Bad investment advice

I was doing some reading this morning and was thinking about defined benefit vs. defined contribution plans and trying to find some actual numbers from a source which would know what they were talking about to show some real numbers behind which decision people should make.

The article I turned to first was from Forbes, which is in my view is a fairly reliable magazine for financial issues. The first yellow flag was a lack of charts plotting how fast someone’s investment would grow, and not showing their work regarding inflation. As I read through I found a glaring error.

The article assumed that someone would only deposit 8% of their income from a match from the employer. But employer matching contributions only occur if you have already contributed that much from your salary. It is usually a dollar for dollar match to your contribution for your retirement.

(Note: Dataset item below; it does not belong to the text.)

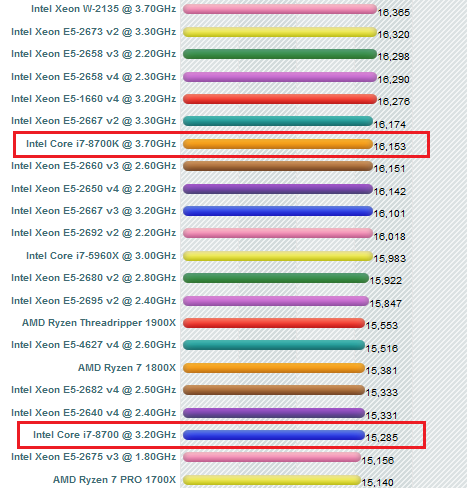 ちなみに現在の一般向けパソコン最上位機種に搭載されている CPU(Core-i7 8700K, 8700)の同テスト結果はこれぐらい。

Now, if you were only contributing 4% of your salary (accounting for inflation of course) then the numbers in the article were correct, and you would only end up with $22,000 of retirement income in 25 years (the short time frame this article was based on) which is clearly not enough. This is not what the article stated however, and only depositing 4% of your income in retirement is a terrible decision.

The golden rule of thumb for savings is simple. You should save for retirement as early as you can, diversify across many industries, and invest as much as you can every year. Contributing only 4% of your salary to your retirement plan is utterly foolish, especially if you have paid down your debt and have a Home Equity Line of Credit on your home.

Once we readjust their assumption that you are only depositing 8% of your income in total in your retirement plan, and account for inflation, continuing their 5% after inflation investment rate (which is approximately the 8% market rate of the S&P 500 times 2% inflation), you will end up with $749,529 in today’s dollars, or $1.2 million without adjusting for inflation, which will provide you with $58,000 of income in today’s dollars. This is almost double what you would receive from the annuity they are using as a comparison. This is also only after working for 25 years.

The article was written to make it look like a hard decision, but in reality, every defined benefit plan I have ever looked at has come in far short of a defined contribution plan, even before accounting for accidents which can occur, ending your life, making defined benefit plans disappear, unlike defined contribution plans which are inheritable upon your death. I have yet to find a traditional pension plan which performs well in comparison.

No matter what age you pass away, the plan with a balance will always win, whether you die at 70 or 100.

Be careful about the media you read, it can really mislead you if you don’t read carefully. Even fairly well reputed magazines can sometimes make glaring errors.